Another detail is that your Mutation contains typo errors. I had to reformulate it.

{
  var(func: eq(neighborhood.name, "Lutyens")) {
  ~block.neighborhood {
    ~building.block{
    apts as ~apt.building @filter(eq(bhk, "2bhk"))
  }
  }
}
  
  apartments(func: uid(apts)) {
    expand(_all_)
  }
  
}

Result


{
  "data": {
    "apartments": [
      {
        "bhk": "2bhk",
        "uid": "0x34"
      },
      {
        "bhk": "2bhk",
        "uid": "0x42"
      }
    ]
  }

Other Q

{
  q1(func: eq(bhk, "2bhk")){
    uid
    expand(_all_)
  }
  q2(func: eq(bhk, "3bhk")){
    uid
    expand(_all_)
  }
}

Result

{
  "data": {
    "q1": [
      {
        "uid": "0x34",
        "bhk": "2bhk"
      },
      {
        "uid": "0x3d",
        "bhk": "2bhk"
      },
      {
        "uid": "0x42",
        "bhk": "2bhk"
      }
    ],
    "q2": [
      {
        "uid": "0x35",
        "bhk": "3bhk"
      },
      {
        "uid": "0x3c",
        "bhk": "3bhk"
      },
      {
        "uid": "0x41",
        "bhk": "3bhk"
      }
    ]
  }

(Siddharth Prakash Singh) #4

@MichelDiz Here you are using “2bhk” as hard coded input to query.
I would rather have a list of apartment uid as input and get similar apartments. I get stuck in that situation because using val(scalar_variable) merges all values.

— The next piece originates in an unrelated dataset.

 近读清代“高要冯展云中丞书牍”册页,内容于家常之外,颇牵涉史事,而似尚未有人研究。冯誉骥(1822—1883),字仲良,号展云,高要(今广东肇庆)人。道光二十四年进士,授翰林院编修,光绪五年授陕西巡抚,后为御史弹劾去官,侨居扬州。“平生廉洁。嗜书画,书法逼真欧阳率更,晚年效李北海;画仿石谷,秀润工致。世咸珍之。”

(Michel Conrado (Support Engineer)) #5

As there are no similarities in different things. You must use different blocks. You could use groupby, but the characteristics would have to be identified as Nodes and not attributes of a Node. And would group only by one characteristic.

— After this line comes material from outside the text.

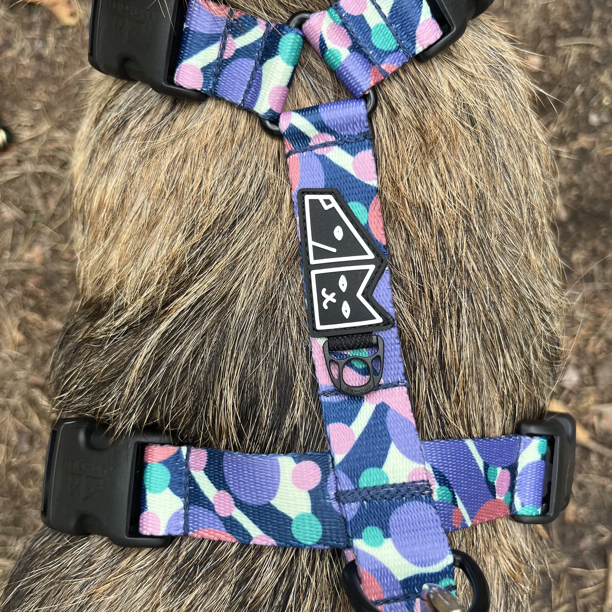 Najważniejsze cechy produktu: Kolorowa, dwustronna, bardzo wytrzymała taśma o szerokości 25 i 20mm; Mocne, odporne na warunki atmosferyczne okucia i klamra marki Duraflex; Specjalny zaczep na adresówkę czy numerek; Ręcznie wykonana w Polsce; Konstrukcja chroniąca kręgosłup psa i uniemożliwiająca ucieczkę; Regulacja w aż 4 miejscach; Unikalny wzór dostępny tylko na Psyjaciele.com, zastosowanie podwójnego materiału, raczka w standardzie|

If you use a single block only you will simply mix all results of apt1 and apt4. To look for similarities in each neighborhood you need to do in different blocks.

Just construct a block for each input with its respective filters.

GroupBy: https://docs.dgraph.io/query-language/#groupby


(Siddharth Prakash Singh) #6

Got it.
So in a way it would be almost impossible if I had to start with a user who has liked n houses and find similar houses which he/she may like?


(Michel Conrado (Support Engineer)) #7

Of course you can. The problem is that you said:

“all apartments with same bhk in same neighborhood are similar.”

apt1 = Lutyens neighborhood
apt4 = CR Park neighborhood

If you had said:

“all apartments with same bhk are similar.”

it would be possible.

But ideally, you break down the features of the apartment into smaller parts within a hierarchical Nodes structure (just like tags). So you can have a greater power of comparison.

if 2bhk(Lutyens) !== 2bhk(CR Park) : There’s nothing to compare.